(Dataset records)
━━━━━━━━━━━━━━━━
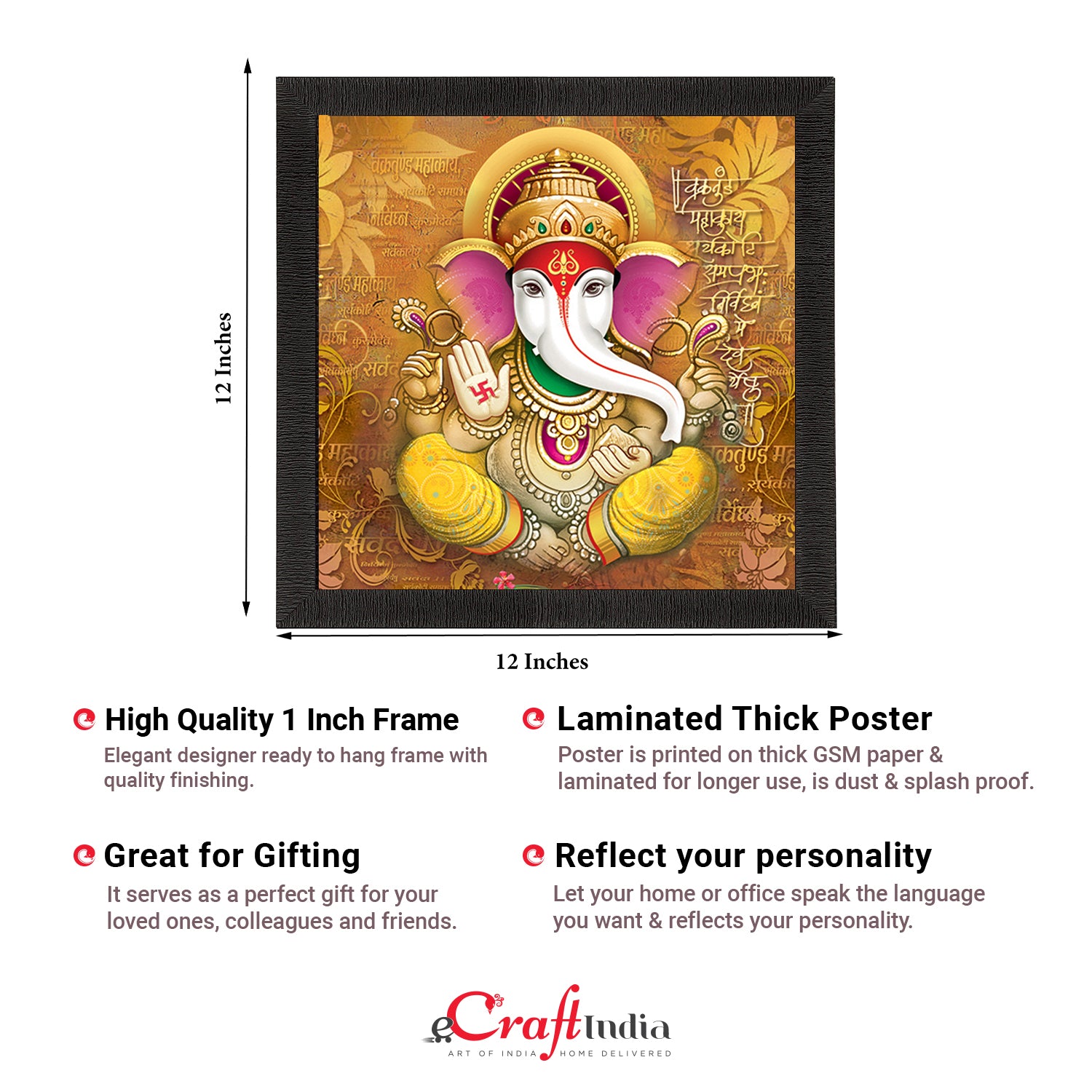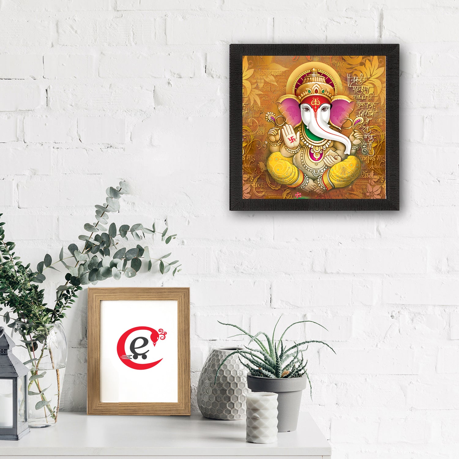 Product Description - Lord Ganesha is said to be the remover of obstacles and is revered at every new beginning, isn't he? It is also believed that gifting Lord Ganesha to your loved one on an auspicious celebration brings good luck. Be it Lord Ganesha's idol or wall art, paintings further hold and play a significant role. All our paintings come in various hues as well as different add-ons such as Om, Swastik, etc that are surely going to enhance your wall decoration. Our Ganesha framed paintings are available in sets as well that will help you incorporate the entire wall space creatively. Each design reflects the artistic qualities and time one has taken to design this painting. These frames don't include glass so it is very lightweight and wet cloth can be used to clean them. Exquisitely printed and framed, it is also a perfect gifting option for your colleagues, loved ones, and family members.
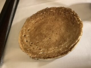 このクレープみたいな薄いパンケーキで包んで食べるの!
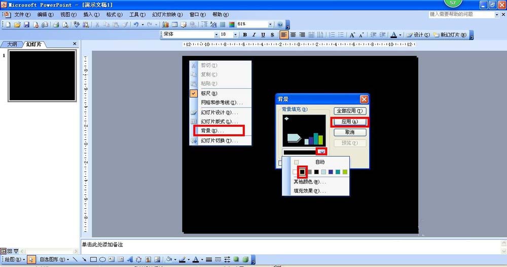 1、打开PPT2003,,新建一个空白文档,右击编辑页面——背景——在颜色选择那里点击下拉箭头,选择黑色——点击应用——关闭退出背景设置选项。
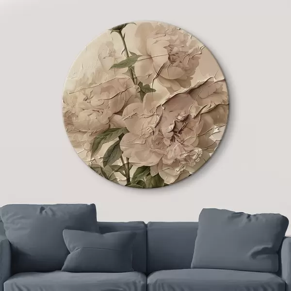 Quadri rotondi Un lussureggiante bouquet di peonie su uno sfondo chiaro r45337
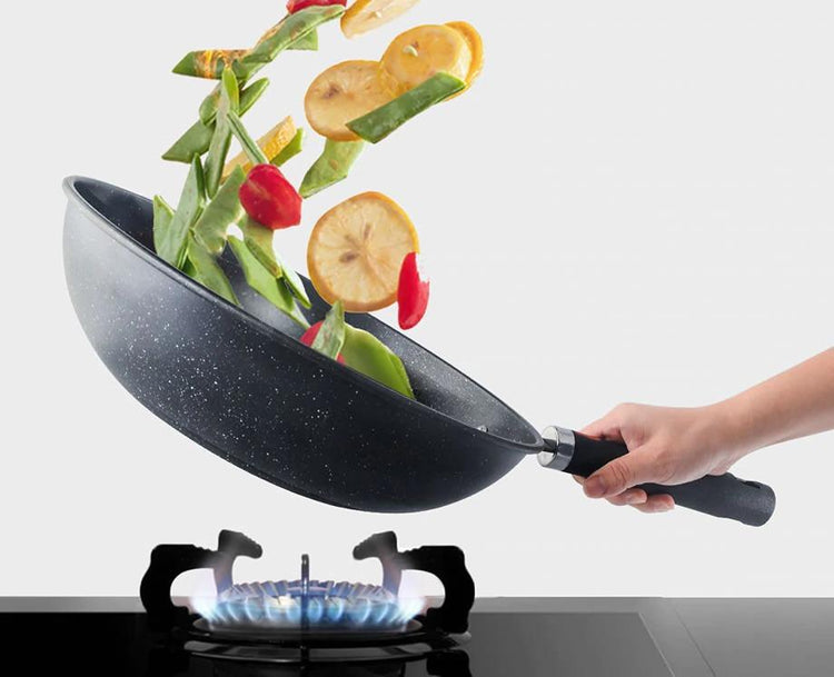 The coating our oriental cast iron wok is infused with particles that not only give it the toughness and long-lasting quality you want in your cooking companion, but also allows for improved heating and better searing.
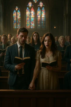 At first, I told myself I was mistaken. Maybe their hands had brushed by accident, maybe she was just adjusting her coat. But no. His fingers curled deliberately around hers, their palms pressed together, hidden low between them. It was intimate, unmistakable. My heart lurched, and the words of the hymn caught in my throat.
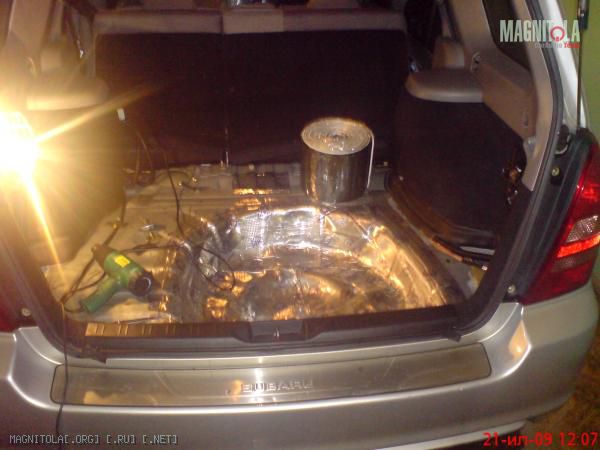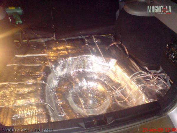 Сегодня устанавливал ящик с усилителями в багажник. Решил немного подшумить место под запаской. На нём шумоизоляции не было вовсе. Где была заводская вибра, там не трогал. Потом проклеил шумоизоляцией производства Абрис, водрузил ящик и приступил к монтажу проводов внутри него. Всё не успел закончить, доделаю завтра.http://magnitola.org/picture.php?alb...=10777&thumb=1 http://magnitola.org/picture.php?alb...=10778&thumb=1
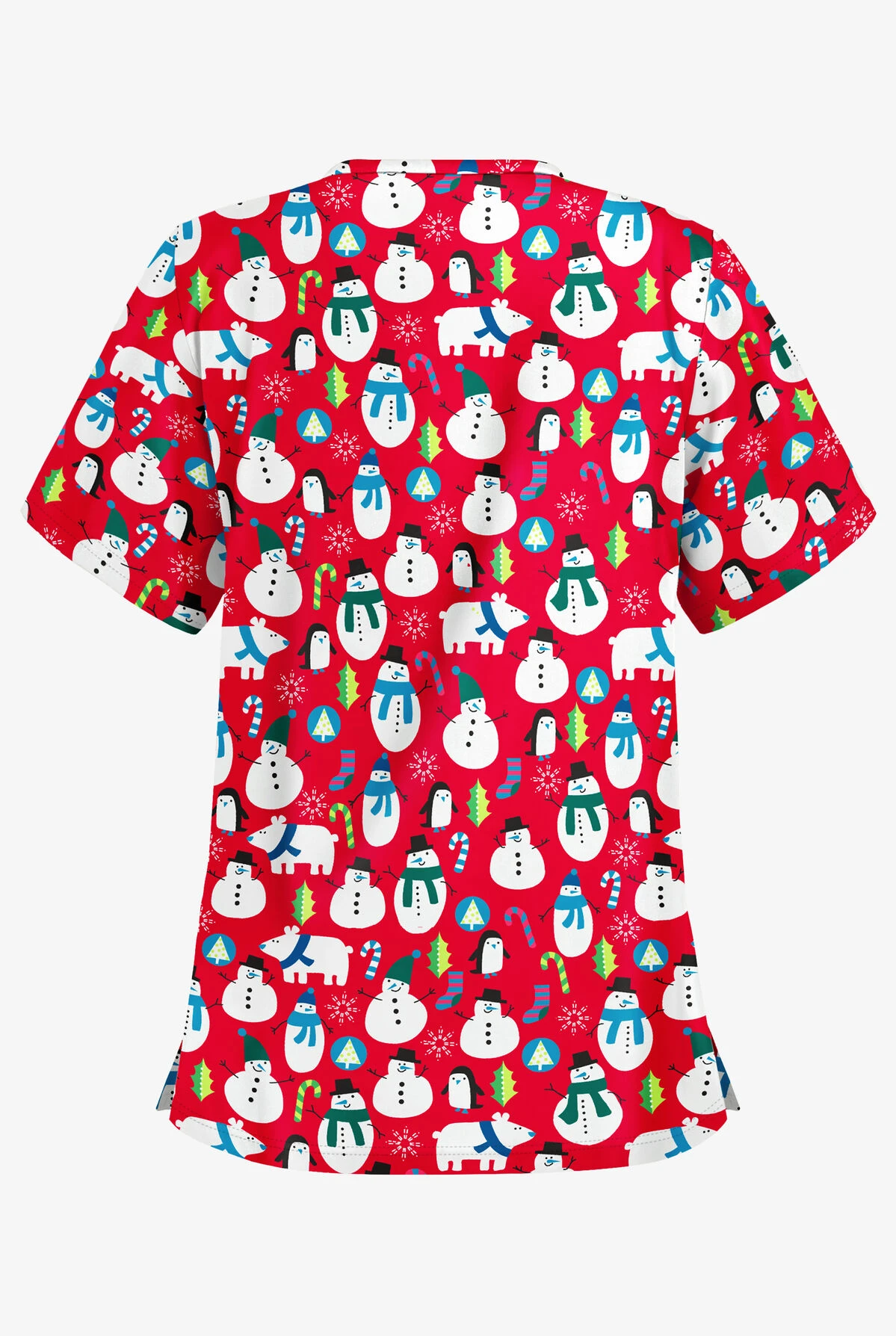 Looking for a scrub top with a little extra breathing room? Designed with a relaxed fit in a classic V-neck shape, our two-pocket top is the one. These snowmen are in a hurry – they need to have their party before everything melts.
━━━━━━━━━━━━━━━━
▸ PROBLEM REQUIREMENTS: The entries above should be retyped word for word, with all pictures omitted.

▸ EXERCISE RESULT:
 Product Description - Lord Ganesha is said to be the remover of obstacles and is revered at every new beginning, isn't he? It is also believed that gifting Lord Ganesha to your loved one on an auspicious celebration brings good luck. Be it Lord Ganesha's idol or wall art, paintings further hold and play a significant role. All our paintings come in various hues as well as different add-ons such as Om, Swastik, etc that are surely going to enhance your wall decoration. Our Ganesha framed paintings are available in sets as well that will help you incorporate the entire wall space creatively. Each design reflects the artistic qualities and time one has taken to design this painting. These frames don't include glass so it is very lightweight and wet cloth can be used to clean them. Exquisitely printed and framed, it is also a perfect gifting option for your colleagues, loved ones, and family members.
 このクレープみたいな薄いパンケーキで包んで食べるの!
 1、打开PPT2003,,新建一个空白文档,右击编辑页面——背景——在颜色选择那里点击下拉箭头,选择黑色——点击应用——关闭退出背景设置选项。
 Quadri rotondi Un lussureggiante bouquet di peonie su uno sfondo chiaro r45337
 The coating our oriental cast iron wok is infused with particles that not only give it the toughness and long-lasting quality you want in your cooking companion, but also allows for improved heating and better searing.
 At first, I told myself I was mistaken. Maybe their hands had brushed by accident, maybe she was just adjusting her coat. But no. His fingers curled deliberately around hers, their palms pressed together, hidden low between them. It was intimate, unmistakable. My heart lurched, and the words of the hymn caught in my throat.
 Сегодня устанавливал ящик с усилителями в багажник. Решил немного подшумить место под запаской. На нём шумоизоляции не было вовсе. Где была заводская вибра, там не трогал. Потом проклеил шумоизоляцией производства Абрис, водрузил ящик и приступил к монтажу проводов внутри него. Всё не успел закончить, доделаю завтра.http://magnitola.org/picture.php?alb...=10777&thumb=1 http://magnitola.org/picture.php?alb...=10778&thumb=1
 Looking for a scrub top with a little extra breathing room? Designed with a relaxed fit in a classic V-neck shape, our two-pocket top is the one. These snowmen are in a hurry – they need to have their party before everything melts.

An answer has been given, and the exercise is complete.